If you have been bushed, you will remember how, as you struck a place you knew,
error was suddenly superseded by a flash of truth; this without volition
of judgment on your part, and entirely by force of a presentation of fact
which your own personal error--however sincere and stubborn--had never
affected, and which you were no longer in a position to repudiate.
It has always been my strong impression that this is very much like
the revelation which follows death--that is, if conscious individuality
be preserved; a thing by no means certain, and, to my mind,
not manifestly desirable.

But if, after closing our eyes in death, we open them on an appreciable
hereafter--whether one imperceptible fraction of a second, or a million
centuries, may intervene--it is as certain as anything can be, that,
to most of us, the true east will prove to be our former south-west,
and the true west, our former north-east. How many so-called virtues
will vanish then; and how many objectionable fads will shine as with the glory
of God? This much is certain: that all private wealth, beyond simplest
maintenance, will seem as the spoils of the street gutter; that fashion
will be as the gilded fly which infests carrion; that "sport" will seem folly
that would disgrace an idiot; that military force, embattled on behalf
of Royalty, or Aristocracy, or Capital, will seem like---- Well, what will
it seem like? Already, looking, or rather, squinting, back along
our rugged and random track, we perceive that the bloodiest battle ever fought
by our badly-bushed forefathers on British soil--and that only one of a series
of twelve, in which fathers, sons, brothers, kinsmen, and fellow-slaves
exterminated each other--was fought to decide whether a drivelling imbecile
or a shameless lecher should bring our said forefathers under the operation
of I Samuel, viii. (Read the chapter for yourself, my friend, if you know
where you can borrow a Bible; then turn back these pages, and take
a second glance at the paragraphs you skimmed over in that unteachable spirit
which is the primary element of ignorance--namely, those reflections
on the unfettered alternative, followed by rigorous destiny.)

Much more prosaic were my cogitations as I followed the buggy, keeping
both switches at work.

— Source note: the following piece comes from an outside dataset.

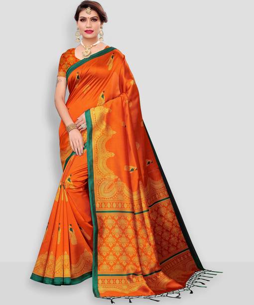 Woven with pure mulberry silk, Kanjivaram sarees mainly originate from Tamil Nadu and are especially popular in the South. Temple borders, floral designs, stripes and checks are some of the most common designs that you’ll find Kanjivaram sarees available in. While shopping for Kanjivaram sarees from Mimosa, you’ll find some lovely handloom Tussar silk sarees that can make you look really elegant at a wedding. If you are looking for something less expensive to fit your budget, you also have a range of art silk sarees in stylish and trendy designs.

According to the best calculation I could make,
I had ten or twelve miles of country to re-cross, besides the river;
and, having no base on the Victorian side, it was a thousand to one
against striking my camp on such a night. Of course, I might have groped
my way to B----'s place; but if you knew Mrs. B----'s fatuous appreciation
of dilemmas like mine, you would understand that such a thing was
not to be thought of. I preferred dealing with strangers alone, and
preserving a strict incognito. However, a pair of --- I must have, if nothing
else--and that immediately. The buggy was fifteen or twenty yards ahead.

"Archie M----!" said I, in a firm, penetrating tone.

The buggy stopped. I repeated my salute.

"All right," replied Archie. "What's the matter?"

"Come here; I want you."

The quadrant of light swept round as the young fellow turned his buggy.

"Leave your buggy, and come alone!" I shouted, careering in a circular orbit,
with the light at my very heels.

"Well, I must say you're hard to please, whoever you are," remarked Archie,
stopping the horse. "Hold the reins, sweetest."

"Who is it?" asked the damsel, with apprehension in her tone.

"Don't know, sweetest. Sounds like the voice of one crying in the wilderness."
And the light flashed on him as he felt downward for the step.

"Don't go!" she exclaimed.

"Never mind her, Archie!" I called out. "She's a fool. Come on!"